In some instances, an RP’s function does not require the full value of an attribute. For example, an RP may need to know whether the subscriber is over 13 years old but not the full date of birth. To minimize the collection of potentially sensitive personal information, the RP may request a derived attribute value (e.g., Question: Is the subscriber over 13 years old? Response: Y/N or Pass/Fail). This minimizes the RP’s collection of potentially sensitive and unnecessary personal information. Accordingly, Sec. 3.11.2 recommends the RP to request derived attribute values rather than full attribute values, where feasible. To support this RP requirement, IdPs ought to support a derived attribute value, where feasible.
To minimize the personal information collected and protect privacy, IdPs ought to give users with pseudonymous options for providing data to RPs, where possible. Likewise, RPs ought to request pseudonymous options for users when pseudonymity is possible for the RP’s policy. Both IdPs and RPs need to seek to minimize unnecessary data transmission.
Section 3.10 identifies agency requirements to consult their SAOP to determine privacy compliance requirements. It is critical to involve the agency’s SAOP in the earliest stages of digital authentication system development to assess and mitigate privacy risks and advise the agency on compliance obligations, such as whether the federation triggers the Privacy Act of 1974 [PrivacyAct] or the E-Government Act of 2002 [E-Gov] requirement to conduct a PIA. For example, if the agency is serving as an IdP in a federation, Privacy Act requirements will likely be triggered and require coverage by either a new or existing Privacy Act SORN since credentials would be maintained at the IdP on behalf of any RP with which it federates. However, if the agency is an RP that uses a third-party IdP, digital authentication may not trigger the requirements of the Privacy Act, depending on what data passed from the RP is maintained by the agency at the RP. In such instances, the agency may have a broader programmatic SORN that covers such data.
The SAOP can similarly assist the agency in determining whether a PIA is required. These considerations should not be read as a requirement to develop a Privacy Act SORN or PIA for the use of a federated transaction alone. In many cases, it will make the most sense to draft a PIA and SORN that encompass the entire digital authentication process or include the digital authentication process as part of a larger programmatic PIA that discusses the program or benefit the agency is establishing online access.
Due to the many components of digital authentication, it is important for the SAOP to be aware of and understand each individual component. For example, other privacy artifacts may be applicable to an agency that offers or uses federated IdP or RP services (e.g., Data Use Agreements, Computer Matching Agreements). The SAOP can assist the agency in determining what additional requirements apply. Moreover, a thorough understanding of the individual components of digital authentication will enable the SAOP to properly assess and mitigate privacy risks, either through compliance processes or by other means.

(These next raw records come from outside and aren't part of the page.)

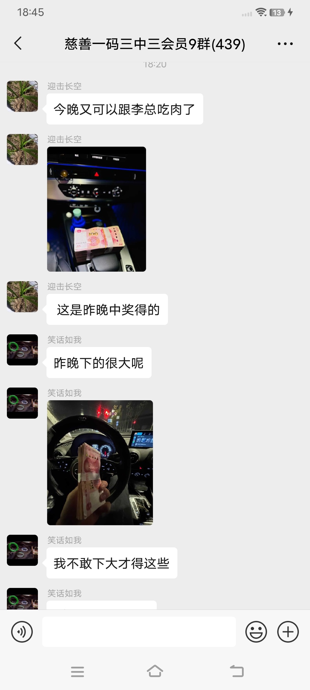 李总我跟你说昨晚我那五个庄家,每一个都有3万,哈哈哈哈哈,分开下注果然有好处啊,太厉害了,谢谢你,祝李总的慈善一码三中三顺顺利利,万事大吉! |
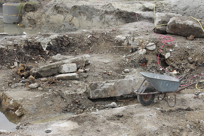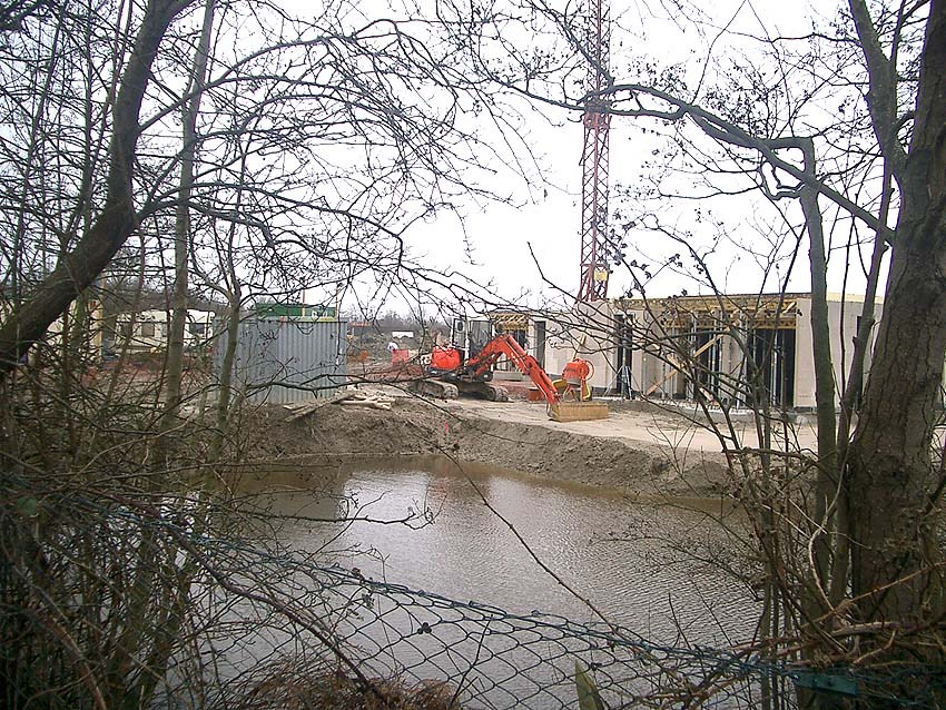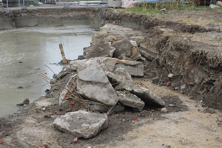 Die Betonstrukturen im Baustellenbereich sind größtenteils beseitigt worden. Weitere Strukturen als die ersichtlichen sind nicht mehr ans Tageslicht getreten. Nun erfolgt die Tiefgründung des Neubaues.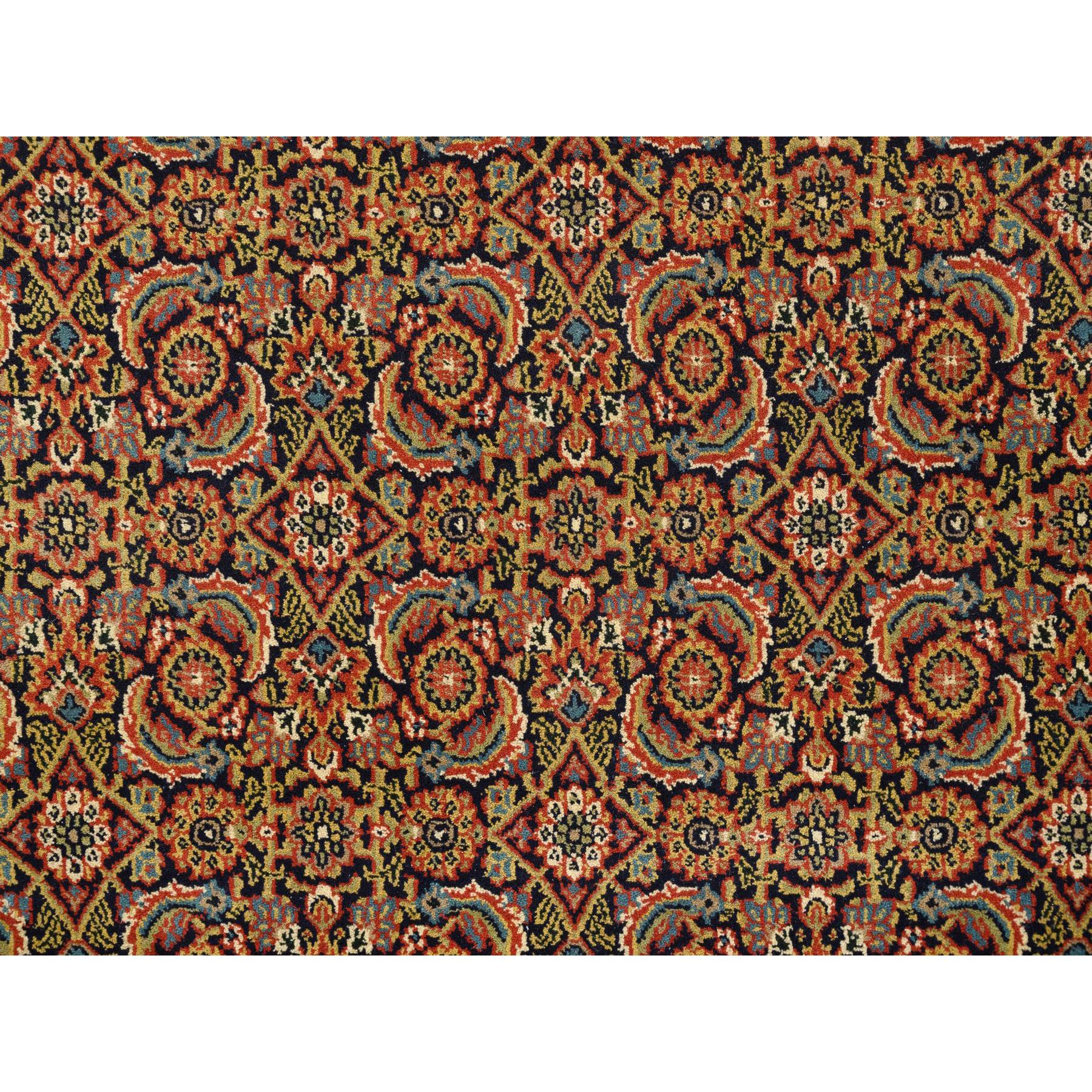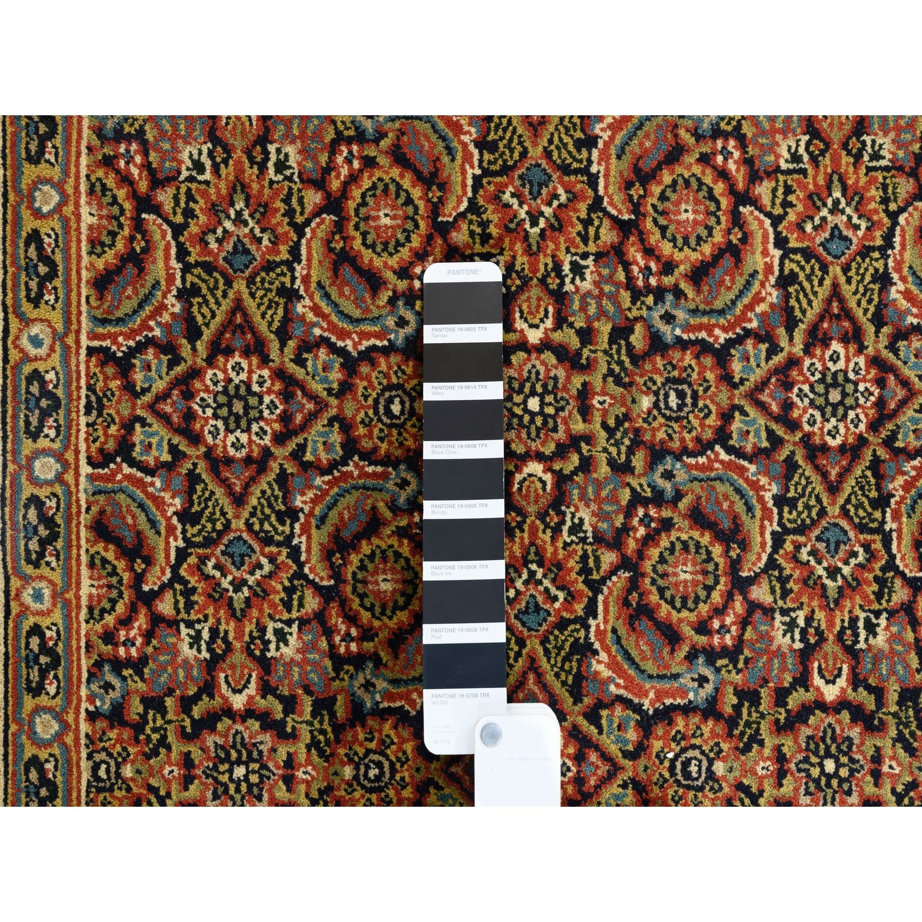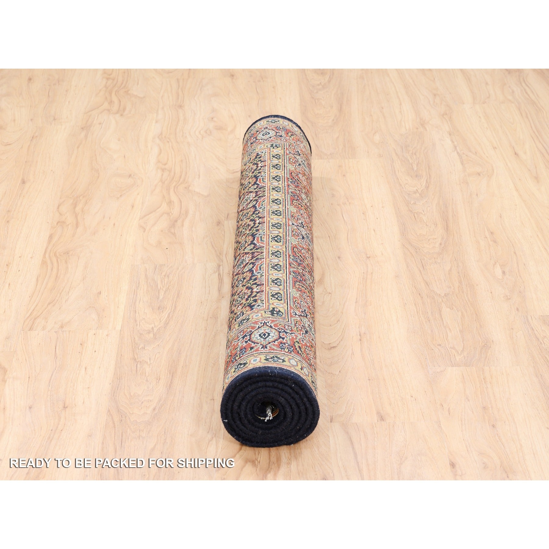 4'2"x6'3" Pitch Black Wool Luxury Herati Fish Design Hand Knotted Dense Weave 250 Kpsi Oriental Rug FWR377868

While some proxy structures — typically those that exist primarily to simplify integration — may not offer additional subscriber privacy protection, others offer varying levels of privacy to the subscriber through a range of blinding technologies. Privacy policies may dictate the appropriate use of subscriber attributes and authentication transaction data (e.g., identities of the ultimate IdP and RP) by the IdP, RP, and the federation proxy.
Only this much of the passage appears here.